For example, the dot_dataarray
returns a DataArray
.
flow.dot_dataarray(b, source=tree_2)
<xarray.DataArray (TOURIDX: 100000, ALT_COL: 3)> Size: 1MB array([[-0.087502 , -0.4 , -0.73837185], [-0.065794 , -0.6 , -0.6010011 ], [-0.065526 , -0.4 , -0.6352806 ], ..., [-0.05695 , -0.4 , -0.68627596], [-0.09915999, -0.4 , -0.7552545 ], [-0.119394 , -0.4 , -0.7574615 ]], dtype=float32) Coordinates: * TOURIDX (TOURIDX) int64 800kB 0 1 2 3 4 5 ... 99995 99996 99997 99998 99999 Dimensions without coordinates: ALT_COL
This works even better if the coefficients are given as a DataArray too, so it can harvest dimension names and coordinates as appropriate.
B = xr.DataArray(
spec.iloc[:, 1:].fillna(0).astype(np.float32), dims=("expressions", "modes")
)
flow.dot_dataarray(B, source=tree_2)
<xarray.DataArray (TOURIDX: 100000, modes: 3)> Size: 1MB array([[-0.087502 , -0.4 , -0.73837185], [-0.065794 , -0.6 , -0.6010011 ], [-0.065526 , -0.4 , -0.6352806 ], ..., [-0.05695 , -0.4 , -0.68627596], [-0.09915999, -0.4 , -0.7552545 ], [-0.119394 , -0.4 , -0.7574615 ]], dtype=float32) Coordinates: * TOURIDX (TOURIDX) int64 800kB 0 1 2 3 4 5 ... 99995 99996 99997 99998 99999 Dimensions without coordinates: modes
Multinomial Logit Simulation#
The next level of flow evaluation is made by treating the dot-product as a linear-in-parameters multinomial logit (MNL) utility function, and making simulated choices based on that model. To do this, we’ll need to provide the random draws as a function input (which also lets us attach any randomization engine we prefer, e.g. a reproducible random generator). For this example, we’ll create one random (uniform) draw for each tour.
draws = np.random.default_rng(321).random(size=tree.shape[0])
/home/runner/work/sharrow/sharrow/sharrow/relationships.py:393: FutureWarning: The return type of `Dataset.dims` will be changed to return a set of dimension names in future, in order to be more consistent with `DataArray.dims`. To access a mapping from dimension names to lengths, please use `Dataset.sizes`.
self.root_dataset.dims[i] for i in dim_order if i not in self.dim_exclude
Given those draws, we use the logit_draws
method to build and apply a
MNL simulator, which returns to us both the choices and the probability that
was computed for each chosen alternative.
choices, choice_probs = flow.logit_draws(b, draws)
%time choices, choice_probs = flow.logit_draws(b, draws)
CPU times: user 55.4 ms, sys: 3.72 ms, total: 59.1 ms
Wall time: 20.3 ms
As this is the most complex flow processor, it takes the longest to compile, but after compilation it runs quite efficiently. We can see here the whole MNL simulation process for this data requires only a few milliseconds more time than just computing the utilities.

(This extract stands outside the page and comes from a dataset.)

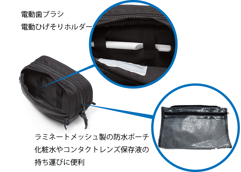 ラミネートメッシュ製のサイドポケットは傷やほこりから荷物を保護します。

choices2, choice_probs2 = flow.logit_draws(b, draws, source=tree_2)
%time choices2, choice_probs2 = flow.logit_draws(b, draws, source=tree_2)
CPU times: user 69.5 ms, sys: 0 ns, total: 69.5 ms
Wall time: 17.8 ms
The resulting choices are the index position of the choices, not the labels.
choices
array([1, 2, 1, ..., 0, 1, 0], dtype=int8)
But if we want the labels, it’s easy enough to convert these indexes into labels.
B.modes[choices]
<xarray.DataArray 'modes' (modes: 100000)> Size: 800kB array(['WALK', 'TRANSIT', 'WALK', ..., 'DRIVE', 'WALK', 'DRIVE'], dtype=object) Coordinates: * modes (modes) object 800kB 'WALK' 'TRANSIT' 'WALK' ... 'WALK' 'DRIVE'
Nested Logit Simulation#
Sharrow can also apply nested logit models. To do so, you’ll also need
to install a recent version of larch (e.g. conda install "larch>=5.7.1" -c conda-forge
).
The nesting tree can be defined as usual in Larch, or you can use the
construct_nesting_tree
convenience function to read in a nesting tree
definition according to the usual ActivitySim yaml notation, like this:
nesting_settings = """
NESTS:
name: root
coefficient: coef_nest_root
alternatives:
- name: MOTORIZED
coefficient: coef_nest_motor
alternatives:
- DRIVE
- TRANSIT
- WALK
"""
import yaml
from sharrow.nested_logit import construct_nesting_tree
nesting_settings = yaml.safe_load(nesting_settings)["NESTS"]
nest_tree = construct_nesting_tree(
alternatives=spec.columns[1:], nesting_settings=nesting_settings
)
JAX not found. Some functionality will be unavailable.
/home/runner/miniconda3/envs/testing-env/lib/python3.10/site-packages/larch/model/numbamodel.py:25: UserWarning:
#### larch v6 is experimental, and not feature-complete ####
the first time you import on a new system, this package will
compile optimized binaries for your specific machine, which
may take a little while, please be patient ...
warnings.warn( ## Good news, everyone! ## )
---------------------------------------------------------------------------
KeyboardInterrupt Traceback (most recent call last)
Cell In[44], line 19
16 from sharrow.nested_logit import construct_nesting_tree
18 nesting_settings = yaml.safe_load(nesting_settings)["NESTS"]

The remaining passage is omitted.